FIG. 1 is a conceptual diagram of a claim showing a drive system clutch control device for a vehicle of the present invention, FIG. 2 is a sectional view showing a differential device incorporating a differential limiting device of a first embodiment device of the present invention, and FIG. 2 is a view from the direction of Z in FIG. 2, FIG. 4 is a view showing a hydraulic pressure generating device and a control device of the embodiment device, FIG. 5 is a characteristic diagram of control hydraulic pressure (clutch pressure) with respect to a control current value, and FIG. The differential limiting torque characteristic diagram for the control oil pressure P, FIG. 7 is the first control characteristic map diagram which is stored in the control unit in advance, and FIG. 8 is the second control characteristic map which is stored in the control unit in advance.
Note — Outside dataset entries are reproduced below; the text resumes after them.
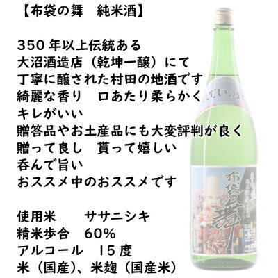 【ふるさと納税】【宮城の銘酒】宮城県村田町 大沼酒造店醸造 布袋の舞 純米酒 1800ml【1206160】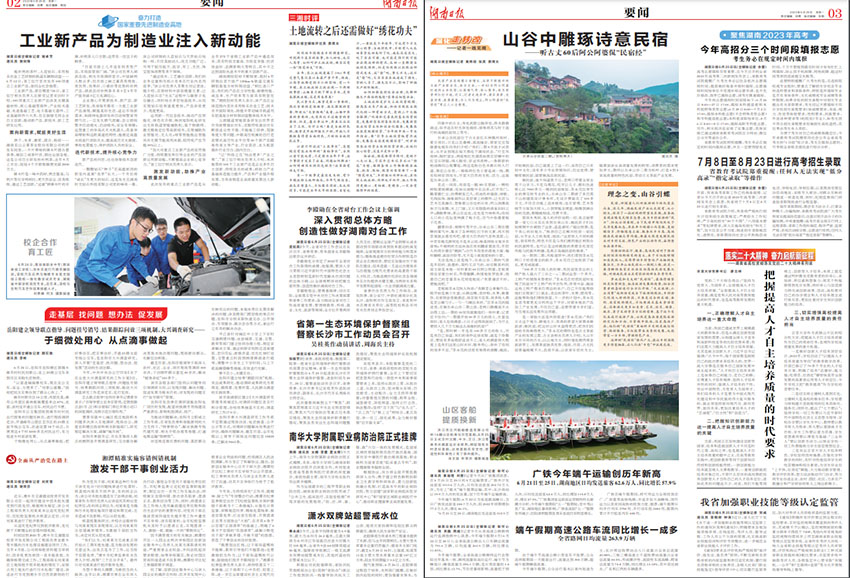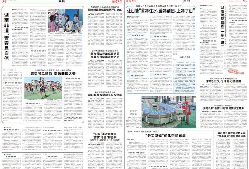 該報注重新聞報道的廣度和深度,對周邊和全國重大事件有深入報道,并為湖南人民提供更加全面的新聞和信息。除了政治和社會新聞外,該報還刊登該省的經濟、文化信息和歷史事件等。同時該報還創設了一些專欄,包括“政治視野”、“經濟觀察”、“文化背景”以及“體育”等專欄,以實現新聞全面化、細節化和分層化。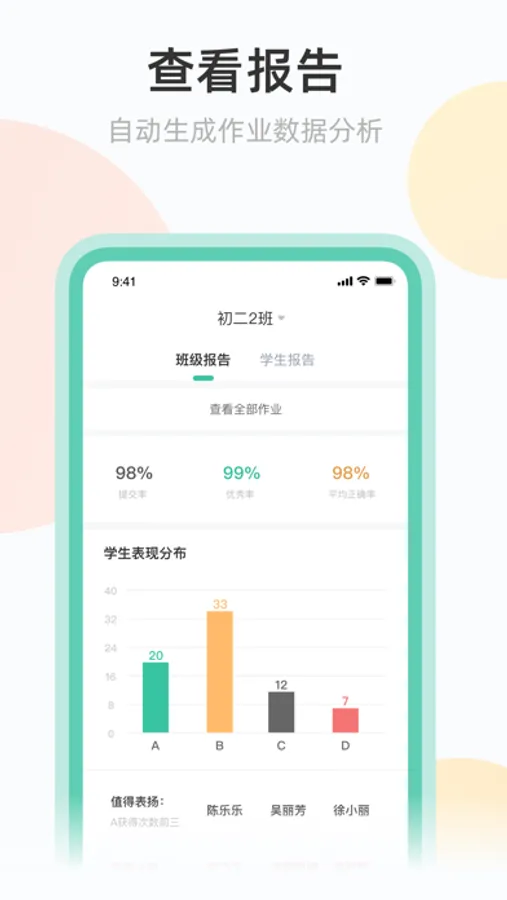 借助大数据服务生成班级作业管理报告、学习报告和错题本,并根据学生不同学情自动推送个性化学习资源,帮助学生解决学习中的问题,快速提高。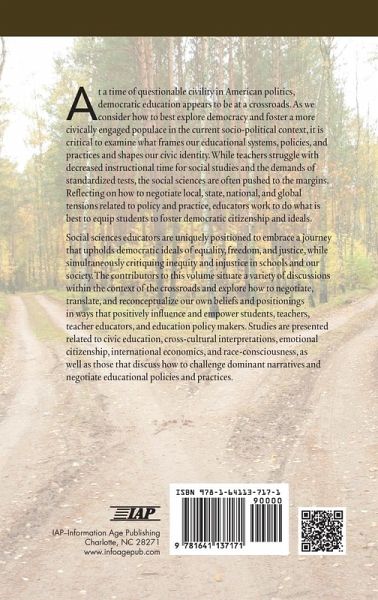 At a time of questionable civility in American politics, democratic education appears to be at a crossroads. As we consider how to best explore democracy and foster a more civically-engaged populace in the current socio-political context, it is critical to examine what frames our educational systems, policies, and practices and shapes our civic identity. While teachers struggle with decreased instructional time for social studies and the demands of standardized tests, the social sciences are often pushed to the margins. Reflecting on how to negotiate local, state, national, and global tensions related to policy and practice, educators work to do what is best to equip students to foster democratic citizenship and ideals. Social sciences educators are uniquely positioned to embrace a journey that upholds democratic ideals of equality, freedom, and justice, while simultaneously critiquing inequity and injustice in schools and our society. The contributors to this volume situate a variety of discussions within the context of the crossroads and explore how to negotiate, translate, and reconceptualize our own beliefs and positionings in ways that positively influence and empower students, teachers, teacher educators, and education policy makers. Studies are presented related to civic education, cross-cultural interpretations, emotional citizenship, international economics, and race-consciousness, as well as those that discuss how to challenge dominant narratives and negotiate educational policies and practices.

FIG. 9 is a control characteristic map diagram, FIG. 9 is a flowchart showing a flow of differential limiting control operation of the first embodiment device, and FIG. 10 is a flowchart diagram showing a flow of differential limiting control operation of the second embodiment device. . 1, 2 ... Drive wheels 3 ... Power split device 4 ... Drive system clutch means 5 ... Detection means 501 ... Vehicle speed detection means 502 ... Acceleration operation detection means 6 ... Clutch control means 7 ... Mode selection means

Claims (2)

[Claims] 1. A power split device for distributing and transmitting an engine driving force to front and rear or left and right drive wheels, and a power split device provided between a drive input part and a drive output part of the power split device, the power split device having a clutch engaging force depending on a magnitude thereof. A vehicle drive system clutch control device comprising: a drive system clutch means capable of changing a transmission torque; and a clutch control means for increasing / decreasing a clutch engaging force based on an input signal from the detection means. As a control, the vehicle speed detection means and the acceleration operation detection means are included, and the clutch control means includes at least a first control characteristic mode having a high vehicle speed dependence and a second control characteristic mode having a high acceleration operation dependence. A drive system clutch control device for a vehicle, characterized in that a mode selecting means is provided for setting a characteristic mode and selecting one of these control characteristic modes. . 2. The mode selecting means selects the first control characteristic mode when the time change rate of the input signal from the acceleration operation detecting means is small, and selects the second control characteristic mode when the time change rate is large. The drive system clutch control device for a vehicle according to claim 1, wherein the device has an automatic mode selecting function.